Moreover, AI itself poses a threat, both inadvertently and through manipulation. Hidden biases within AI algorithms can cause unintended harm, while malicious actors can poison AI model training data to produce erroneous outputs. The dangers presented by AI are changing so rapidly that 82% of hackers think that adequate countermeasures are behind current trends.
Bugcrowd’s CEO, Dave Gerry, states, “There is no denying that AI remains a strong force within the hacking community, changing the very strategies hackers are using to find and report vulnerabilities.”

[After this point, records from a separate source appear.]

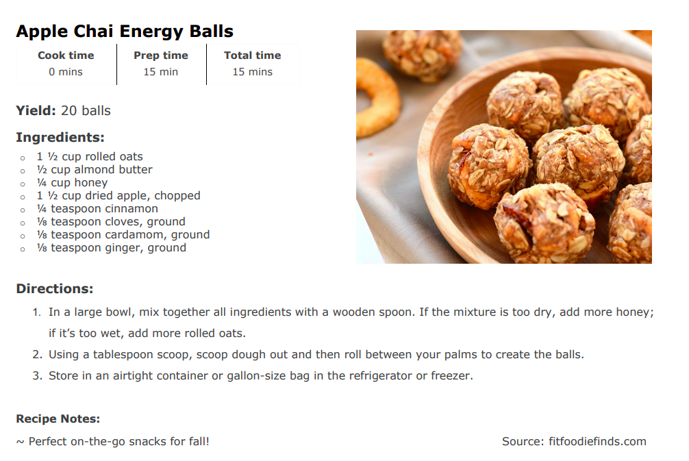 As an MCH trainee, I serve in a leadership role in our Public Health Nutrition Club. This club allows students from across the spectrum of public health to come together under a common interest of nutrition. One of our main activities is providing food demonstrations around campus. This past fall, we coordinated with the medical school to offer lunchtime demonstrations for their students. We prepared Kale Walnut Quinoa Salad with Honey Dijon Vinaigrette and Apple Chai Energy Balls, made with oats, almond butter, honey, and dried apples. The space we used allowed the attendees to follow along at their own stations as we prepared the recipes. At the end, they had created their own healthy lunch to go!
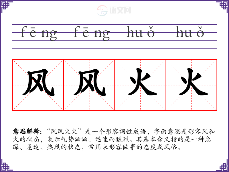 “风风火火”是一个形容词性成语,字面意思是形容风和火的状态,表示气势汹汹、迅速而猛烈。其基本含义指的是一种急躁、急速、热烈的状态,常用来形容做事的态度或风格。
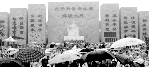 4月8日农历三月三是传说中黄帝出生的日子,黄帝被尊为中华人文始祖,是华夏子孙的共同祖先。戊子年黄帝故里拜祖大典当日在河南新郑市举行,来自世界各地的二万余炎黄子孙参加了祭拜活动。图为拜祖大典现场。 新华社发
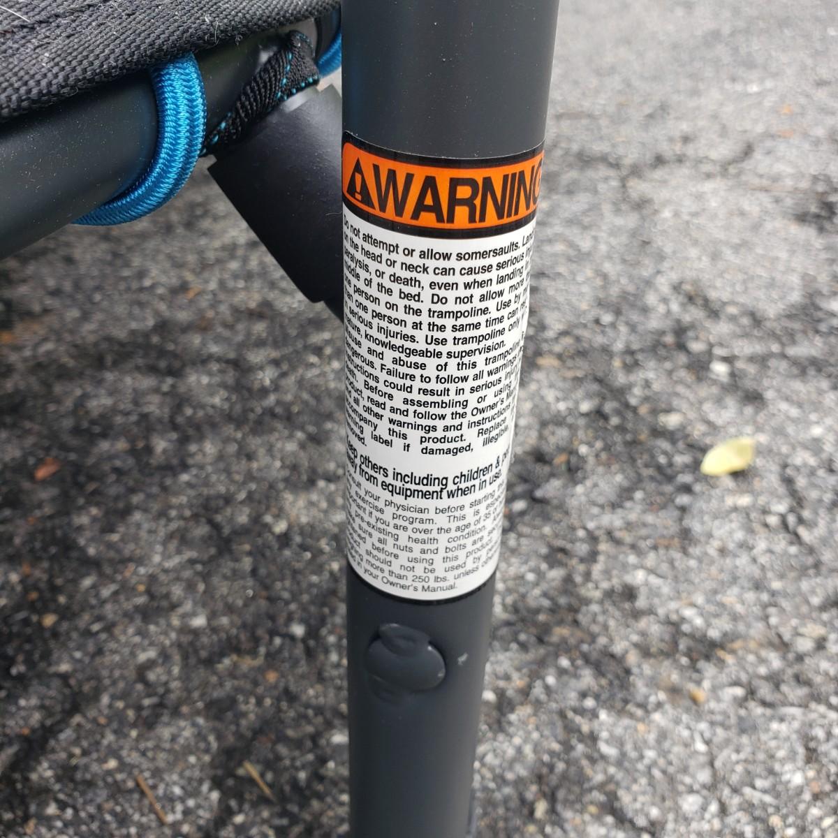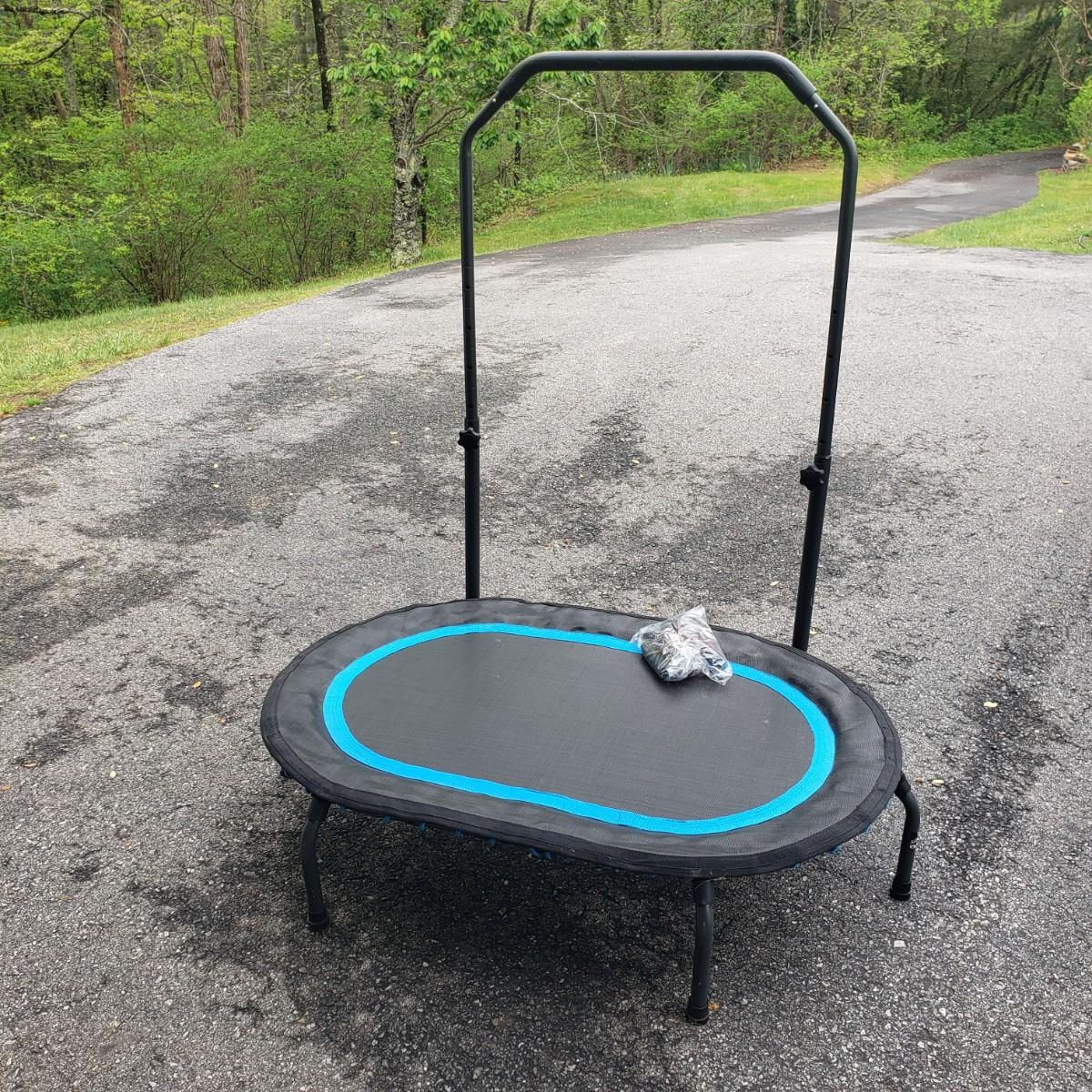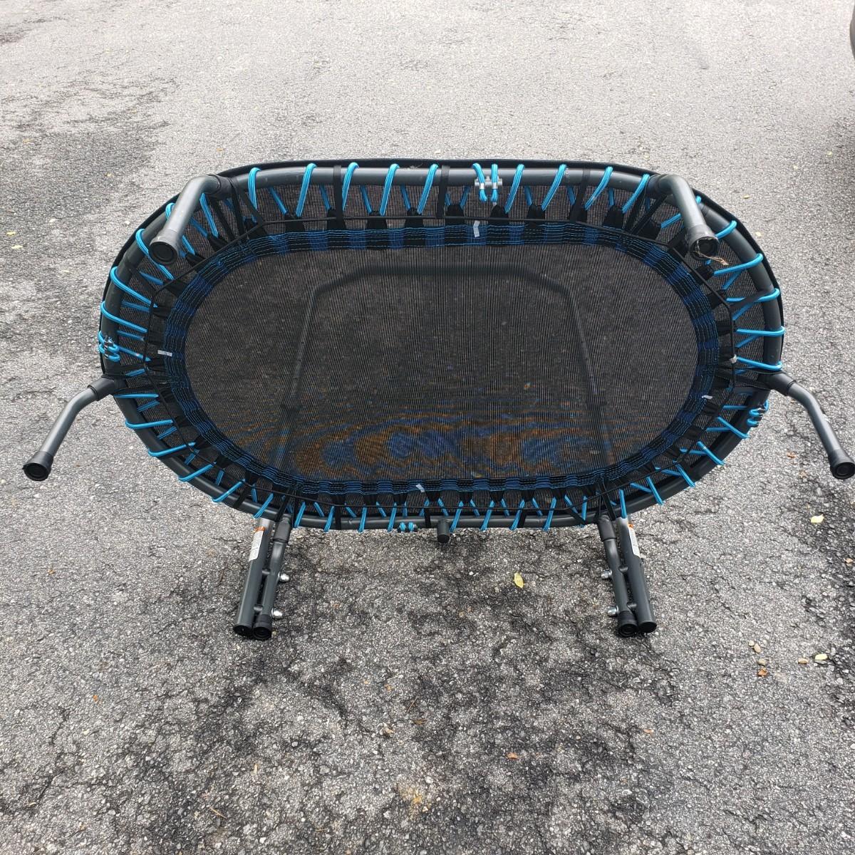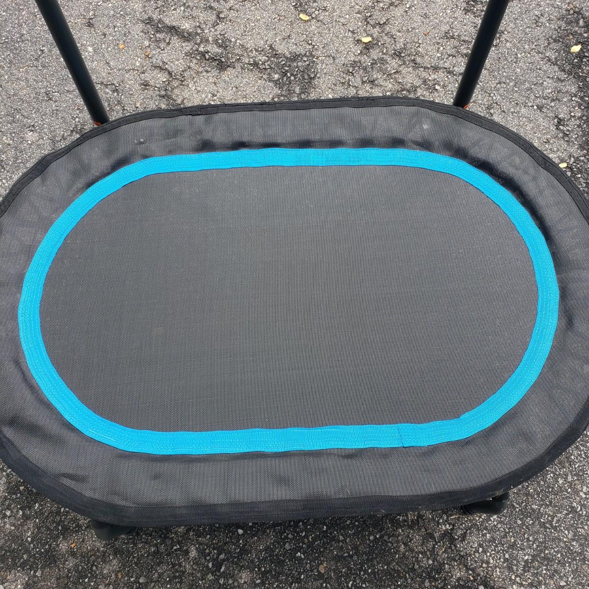 This appears to be a barely used mini exercise trampoline. It measures 46" x 30" x 46"H, although the height is adjustable. The bar for the height has various holes to adjust to proper height. Comes with NIB elastic handles that clip into the base.
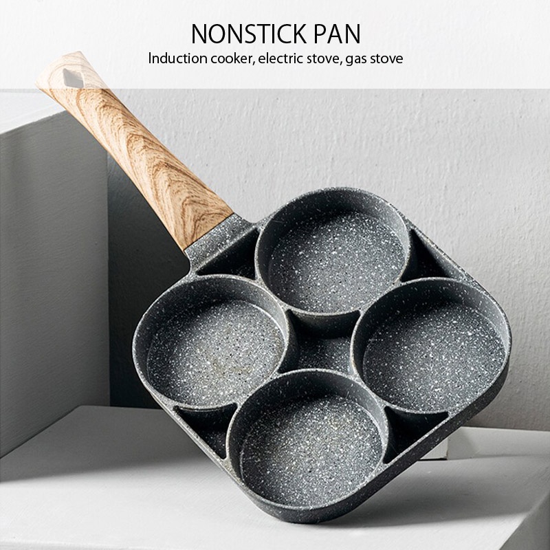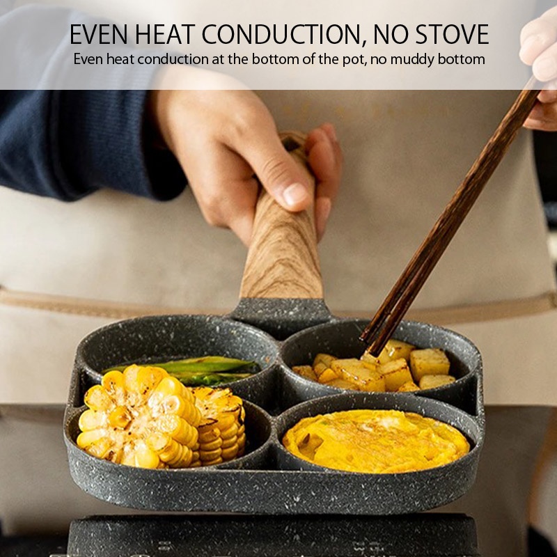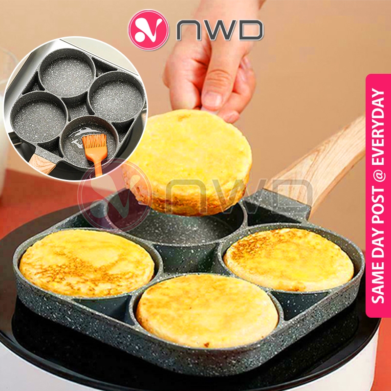 《 𝟰 𝗜𝗡 𝟭 》Korean Non Stick Four Hole Frying Pan Breakfast Pancake Fried Egg Burger Kitchen Cookware Tools Kuali Telur 煎锅
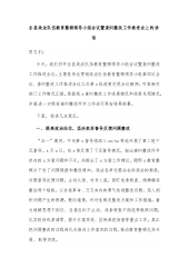 全县政法队伍教育整顿领导小组会议暨查纠整改工作推进会上的讲话同志们:今天,我们召开全县政法队伍教育整顿领导小组会议暨查纠整改工作推进会议,主要是传达贯彻政法队伍教育整顿领导小组第四次会议、查纠整改工作推进会议以及第x批政策兑现会议精神,听取相关部门工作情况汇报,通报我x查纠整改工作进展情况和政策兑现情况,并就进一步做好查纠整改环节工作进行再安排再部署。下面,我讲几点意见。一、提高政治站位,坚决抓好督导反馈问题整改“五一”期间,中央第x督导组深入xx/xx等地开展了第二轮下沉督导。x月x日,向x委反馈了下沉督导情况,指出查纠整改环节存在的x方面问题和不足,并提出了x方面工作建议,随即x教育整顿办...

AI as a Game-Changer in Hardware Hacking
Safe to say, hardware hacking is no longer a niche field as 81% of hardware hackers reportedly discovered new vulnerabilities in the past year, often exploiting weaknesses in smart devices used in homes and even medical settings.
With side-channel attacks and firmware manipulation becoming more common, the consequences of hardware hacking could be devastating—from altering domestic heating systems to compromising life-saving medical equipment.
As more and more devices become connected, the risk of widespread compromises heightens. Consequently, it is prudent for businesses to incorporate security into their design processes.
“Speaking with the companies developing hardware devices, I find that often, they don’t understand unless someone can handhold them through the process,” says Brandon Reynolds, a security expert quoted in the report.
The integration of AI into hacking practices and the rise of hardware hacking represent significant challenges for cybersecurity. As hackers continue to innovate, leveraging AI to enhance their capabilities, the need for robust, adaptive defenses has never been greater. Organizations must stay vigilant, continuously updating their security measures to protect against these sophisticated threats.